Absolutely, Steve. I had the great pleasure of attending a Divine Liturgy outside of Lviv, Ukraine, a few months ago. They chanted in Ukrainian, of course, but the approach was very similar to what you describe.
There are so many directions one can go and still be on the same road of sacred music that started in Chantium.
And the most interesting part of it was how that chanting complimented the Russian style of ringing bells. They have bells both inside and outside, and rang the former at the beginning of the Liturgy.
The accents in Latin and English differ in form and function. Prepositions. In English they precede the accent , and build up toward it, the accent becomes more of a repose. Different in Latin. While in Latin the inflectional endings (io, ia iam)are like prepositions that follow the accent and dissipate the energy of the accent.

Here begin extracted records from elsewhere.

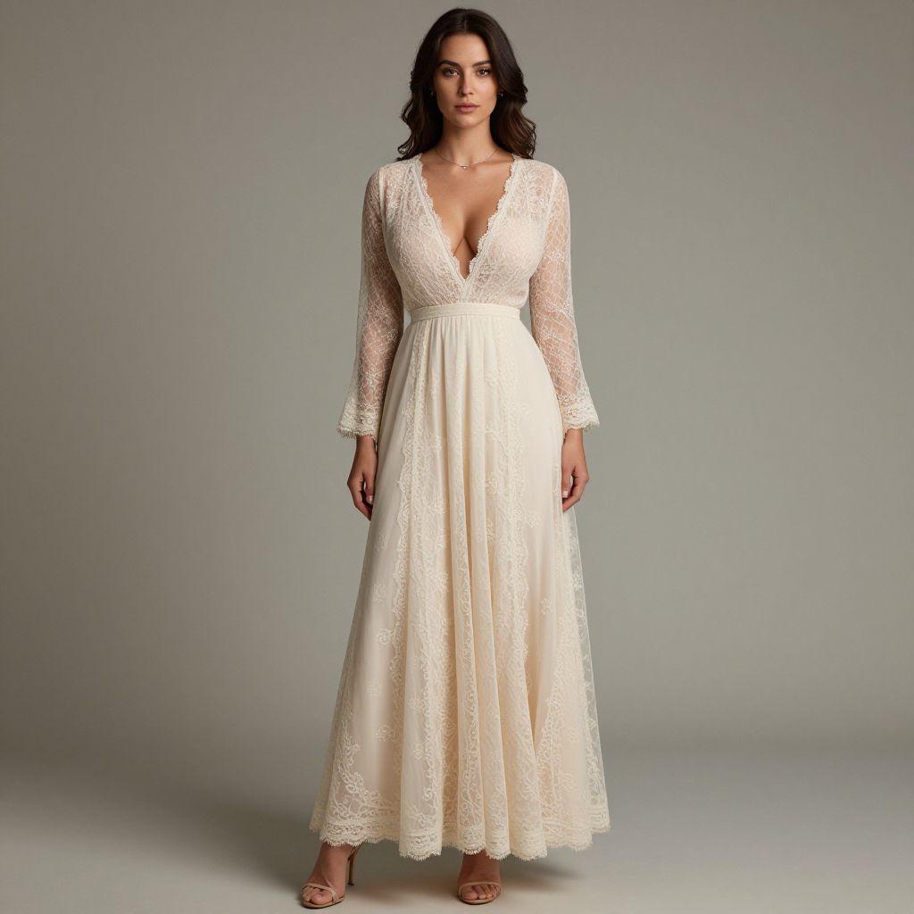 Full body shot, lean woman, elegant plunging neckline, intricate lace overlay, fitted bodice, flowing A-line skirt, sheer long sleeves, delicate scalloped edges, soft ivory color, lightweight breathable fabric, subtle floral patterns, cinched waist, ankle-length hem, paired with strappy heels, minimalistic silver jewelry, soft waves hairstyle, natural makeup, romantic ambiance Sexy. Pretty face and beаutiful eyes. Big breasts
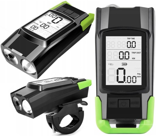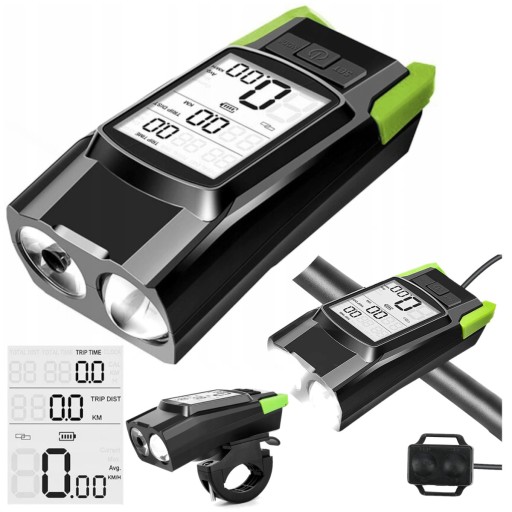 ✅ Wbudowany licznik działa bezprzewodowo, wyświetla takie parametry jak prędkość aktualną, średnią i maksymalną oraz dystans i czas jazdy. Posiada duży czytelny wyświetlacz, który pokazuje trzy różne parametry i jest dodatkowo podświetlany. Podczas jazdy wyświetlane są także spalone kalorie. Kolejnym ważnym atutem zestawu jest bardzo głośny klakson ostrzegawczy - siła dźwięku jest porównywalna z klaksonem samochodowym (120dB). Na pilocie znajduje się także przycisk do sterowania oświetleniem lampy.
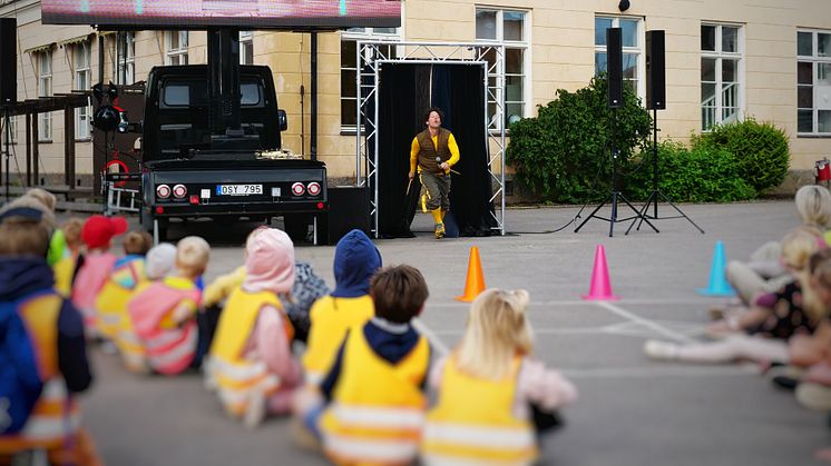 - På den här turnén v 22 räknar vi med att nå ca 4500 barn, från förskoleklass till årskurs 6. Det blir 15 konserter på 5 dagar, och i augusti, v 35 gör vi samma sak igen men på 15 andra skolor, säger Charlotte Råström, Barn-och ungdomsproducent, SON.

I have a file that I made showing how we adapt them in our Monastery. THis is based off of the method taught to us by Professors in Rome. We choose to try and adapt the English to the Gregorian rather than vice versa in most cases which makes the chant more consistent instead of worrying about the thousands of variations in the English accentuation. Not everyone agrees with it, but it works for us very well.
@Ralph Bednarz I think what the Norbertines do as well as my community is instead of depending on the word in English, the syllables act to keep that accent ending sound. It kind of destroys the Gregorian tone when you adapt the Gregorian to the English in my opinion-if you are going to do that you might as well use a gregorian based tone instead of the real thing.